2025-05-26 23:46:54 (7140): Status Report: Elapsed Time: '6000.000000'
2025-05-26 23:46:54 (7140): Status Report: CPU Time: '31.187500'
[...]
2025-05-28 07:44:48 (7140): Status Report: Elapsed Time: '114000.000000'
2025-05-28 07:44:48 (7140): Status Report: CPU Time: '343.546875'
The other log is similar.
Cleanup seems to have failed so I will abort both.
https://lhcathome.cern.ch/lhcathome/result.php?resultid=422888662
https://lhcathome.cern.ch/lhcathome/result.php?resultid=422887835
Other ATLAS tasks have been completing successfully on the same system. Does anyone have an explanation for this behavior?
2 weeks 2 days ago
Kernel 6.12.x loads a module that stops VB from starting. See
this post for details.
2 weeks 4 days ago
You are correct that I experienced the same problem on a previous Ubuntu setup, however I didn't remember it.

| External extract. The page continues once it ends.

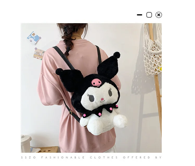 Choose from 24 adorable Sanrio plush doll styles, including the lovable Cinnamoroll. These soft, kawaii stuffed backpacks are perfect for girls, making a charming gift for birthdays or special occasions. Lightweight and cute, they add a playful touch to any outfit while offering practical storage. Ideal for your child or girlfriend, these cartoon bags bring joy and comfort wherever they go.

I have implemented the workaround, and now my Atlas_native workunit is running correctly now.
1 month 1 week ago
I encountered a compute error on an ATLAS native task that ran on my system for nearly two weeks before failing. Here's a summary of the failure:
Workunit: 231716588
Application version: ATLAS Simulation v3.01 (native_mt)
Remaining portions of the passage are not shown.